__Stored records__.
^^^^^^^^^^^^^^^^

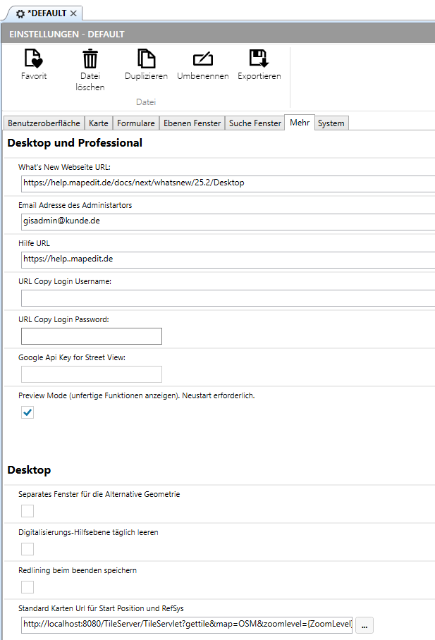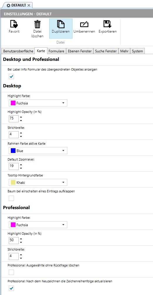 Hier erfolgen Einstellungen die die Karten in MapEdit Desktop und MapEdit Professional betreffen:
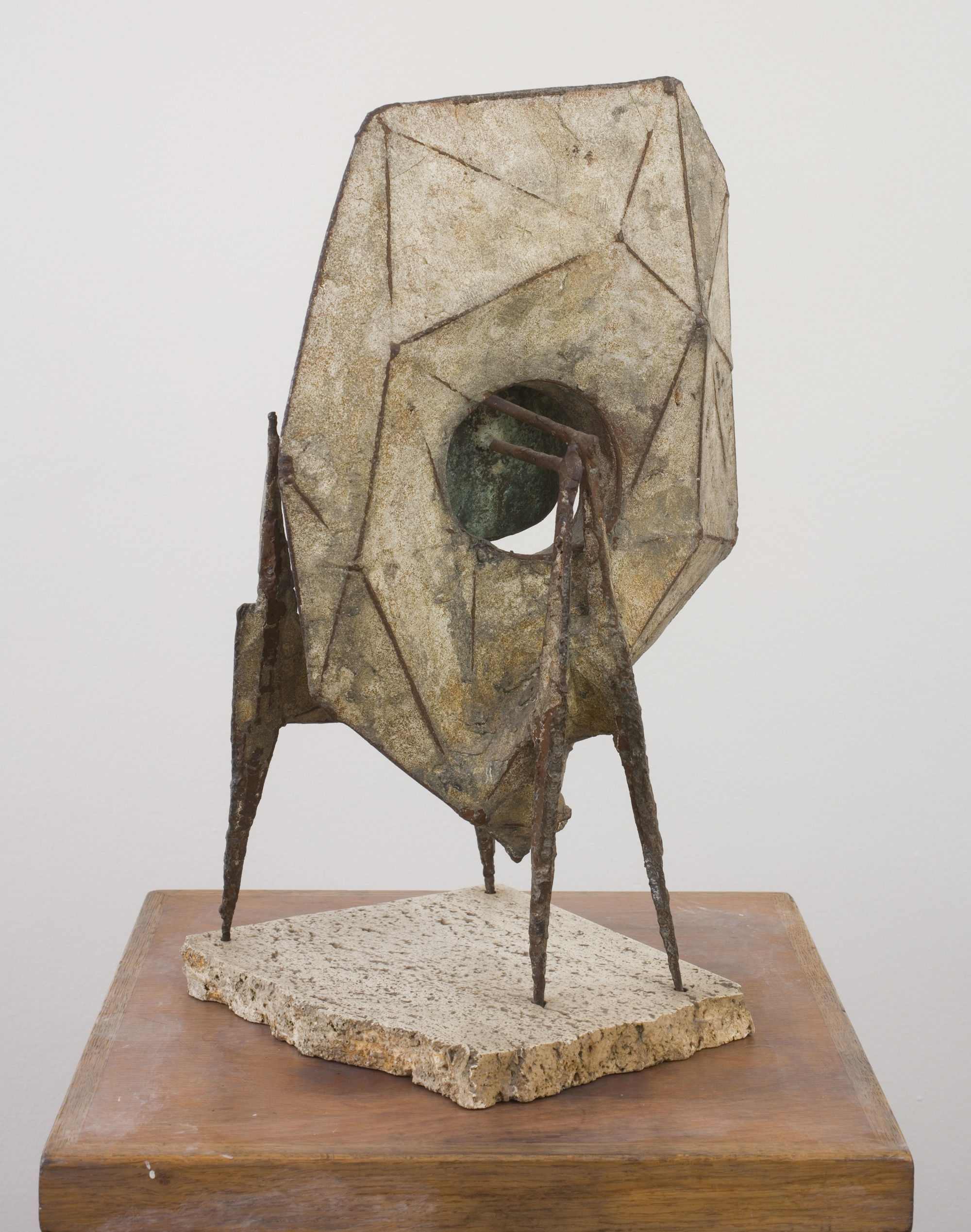 Although Iron Composition was not labelled as ‘idiomorphic’, it has the same ambivalence as other sculptures that were. It is a quadruped: four gnarled, pointed legs help it to stand up and leer forwards. The floating panel of copper is the focal point of the composition, an unseeing eye that stares. The irregular shaped panel behind the copper eye has the quality of a shell or a hide. The base is of porous stone and appears as some blasted piece of earth, closely similar to that trod by Reg Butler’s earlier Crouching Woman.
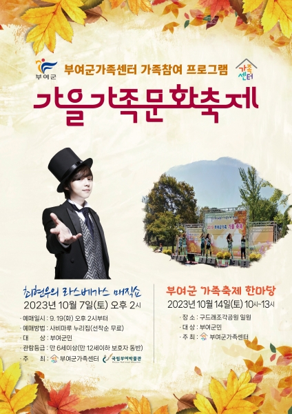 또한 10월 14일 오전 9시 40분부터 오후 1시까지 구드래 조각공원 일원에서 모든 가족들이 다양한 볼거리와 먹거리, 체험 등을 즐길 수 있는 어울림의 장인 “부여군 가족축제 한마당”이 개최 예정이다.
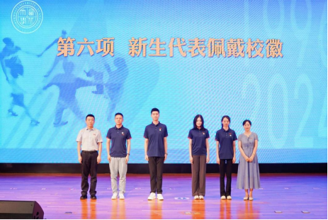 寇楠和张宇为新生代表佩戴了象征beat365英国官方网站身份的校徽。
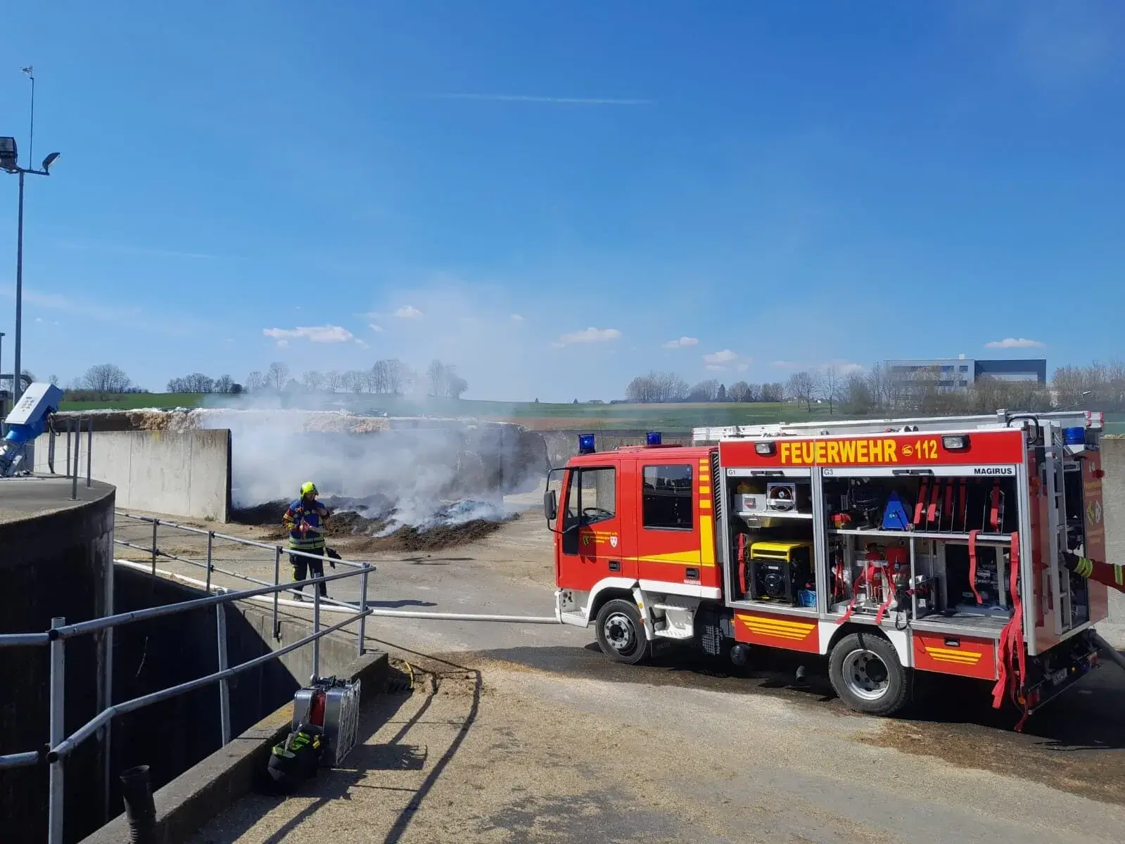 Da sich das Anwesen im Außenbereich befindet, wurde eine Wasserförderung mit einer Länge von 300 Meter aus dem naheliegenden Industriegebiet aufgebaut. Im Anschluss an die Löscharbeiten musste das Material aus der Anlage entfernt werden, um alle Glutnester abzulöschen zu können.
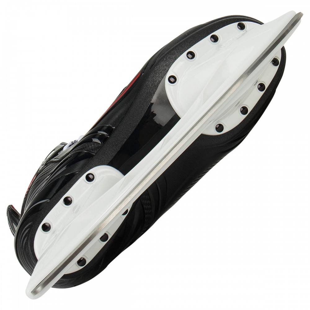 Коньки из новой линии NSX от Bauer - универсальная модель для новичков. В этих коньках можно как играть в хоккей, так и просто кататься на катке. Стакан LS PRO с поднятой пяткой и впрессованными лезвиями для меньшего угла поворота и быстрого набора скорости. Анатомический ботинок из композитного материала, изготовленный методом горячего прессования. Анатомический язык из искусственного войлока, укрепленный слоем из полиуретана. Внутренние элементы из облегченной пены в области лодыжки и стелька из ЭВА для удобной посадки. Подкладка из микрофибры. Новый композитный материал значительно снижает вес коньков.
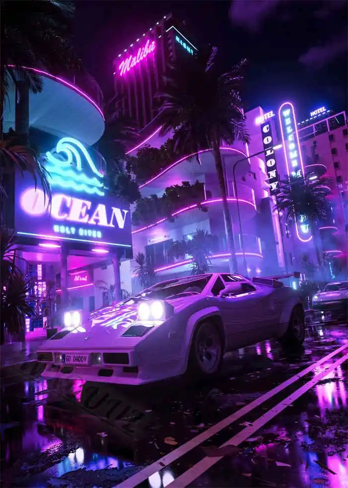 Neon Night City Landscape 80s Retro Cyberpunk Car Posters For Room Aesthetic Painting Canvas Print Home Art Wall Decor Pictures
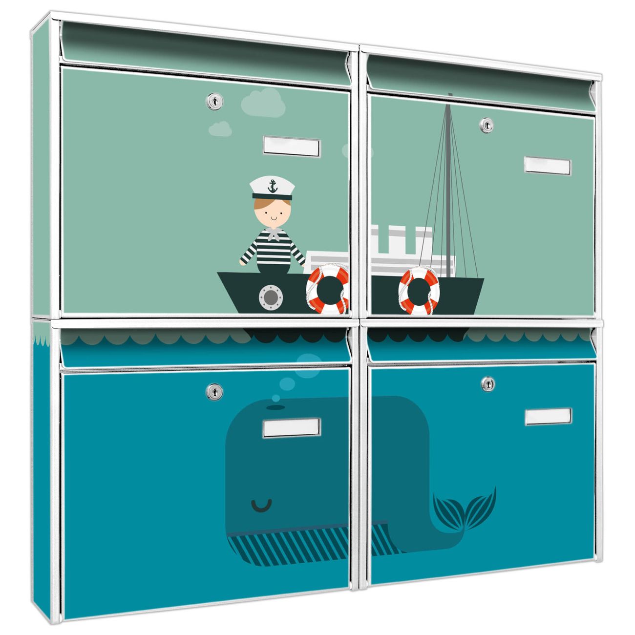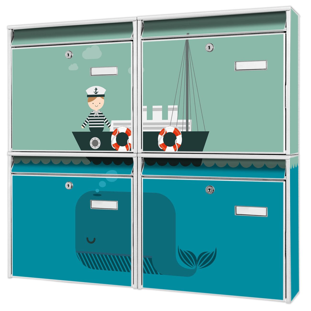 FUNKTION: Die Burg-Wächter Briefkastenanlage mit Motiv Rettet die Wale bietet Ihnen ausreichend Fassungsvermögen um auch A4 und C4 Sendungen zu empfangen. Das integrierte Namensschild lässt sich individuell beschriften. Wählen Sie aus den Grundfarben weiß, silber und schwarz. DESIGN: Die 4 Briefkästen haben ein ansprechendes und zeitloses Design, ohne dabei auf Funktionalität zu verzichten. Das Material ist sehr stabil, wetterfest und rostfrei. Durch das Motiv Rettet die Wale werden die Postkästen zu einem Blickfang. DETAILS: Die Postkästen bestehen aus verzinktem Stahl der zusätzlich mit Klarlack versiegelt wurde. Die Kästen sind gesamt 64,5cm hoch, 72,5cm breit und 10cm tief. Das Motiv besteht aus einer wetter- und UV-festen Folie, die Ihren Briefkasten zusätzlich vor Kratzern schützt. Die Postkästen werden mit Montagematerial, je einem Namensschild und je zwei Schlüsseln geliefert. NUTZEN: Das Briefkastenset eignet sich für die Wandmontage, die Größe bietet genügend Platz für Sendungen aller Art. Das zeitlose Design sowie die stabile Bauart bieten Ihnen einen treuen Begleiter für Ihre Post. BANJADO:

^^^^^^^^^^^^^^^^

__WORK INSTRUCTION__. All entries, top to bottom, should be retyped exactly; the pictures should not be.

__YOUR RESPONSE__.
 Hier erfolgen Einstellungen die die Karten in MapEdit Desktop und MapEdit Professional betreffen:
 Although Iron Composition was not labelled as ‘idiomorphic’, it has the same ambivalence as other sculptures that were. It is a quadruped: four gnarled, pointed legs help it to stand up and leer forwards. The floating panel of copper is the focal point of the composition, an unseeing eye that stares. The irregular shaped panel behind the copper eye has the quality of a shell or a hide. The base is of porous stone and appears as some blasted piece of earth, closely similar to that trod by Reg Butler’s earlier Crouching Woman.
 또한 10월 14일 오전 9시 40분부터 오후 1시까지 구드래 조각공원 일원에서 모든 가족들이 다양한 볼거리와 먹거리, 체험 등을 즐길 수 있는 어울림의 장인 “부여군 가족축제 한마당”이 개최 예정이다.
 寇楠和张宇为新生代表佩戴了象征beat365英国官方网站身份的校徽。
 Da sich das Anwesen im Außenbereich befindet, wurde eine Wasserförderung mit einer Länge von 300 Meter aus dem naheliegenden Industriegebiet aufgebaut. Im Anschluss an die Löscharbeiten musste das Material aus der Anlage entfernt werden, um alle Glutnester abzulöschen zu können.
 Коньки из новой линии NSX от Bauer - универсальная модель для новичков. В этих коньках можно как играть в хоккей, так и просто кататься на катке. Стакан LS PRO с поднятой пяткой и впрессованными лезвиями для меньшего угла поворота и быстрого набора скорости. Анатомический ботинок из композитного материала, изготовленный методом горячего прессования. Анатомический язык из искусственного войлока, укрепленный слоем из полиуретана. Внутренние элементы из облегченной пены в области лодыжки и стелька из ЭВА для удобной посадки. Подкладка из микрофибры. Новый композитный материал значительно снижает вес коньков.
 Neon Night City Landscape 80s Retro Cyberpunk Car Posters For Room Aesthetic Painting Canvas Print Home Art Wall Decor Pictures
 FUNKTION: Die Burg-Wächter Briefkastenanlage mit Motiv Rettet die Wale bietet Ihnen ausreichend Fassungsvermögen um auch A4 und C4 Sendungen zu empfangen. Das integrierte Namensschild lässt sich individuell beschriften. Wählen Sie aus den Grundfarben weiß, silber und schwarz. DESIGN: Die 4 Briefkästen haben ein ansprechendes und zeitloses Design, ohne dabei auf Funktionalität zu verzichten. Das Material ist sehr stabil, wetterfest und rostfrei. Durch das Motiv Rettet die Wale werden die Postkästen zu einem Blickfang. DETAILS: Die Postkästen bestehen aus verzinktem Stahl der zusätzlich mit Klarlack versiegelt wurde. Die Kästen sind gesamt 64,5cm hoch, 72,5cm breit und 10cm tief. Das Motiv besteht aus einer wetter- und UV-festen Folie, die Ihren Briefkasten zusätzlich vor Kratzern schützt. Die Postkästen werden mit Montagematerial, je einem Namensschild und je zwei Schlüsseln geliefert. NUTZEN: Das Briefkastenset eignet sich für die Wandmontage, die Größe bietet genügend Platz für Sendungen aller Art. Das zeitlose Design sowie die stabile Bauart bieten Ihnen einen treuen Begleiter für Ihre Post. BANJADO:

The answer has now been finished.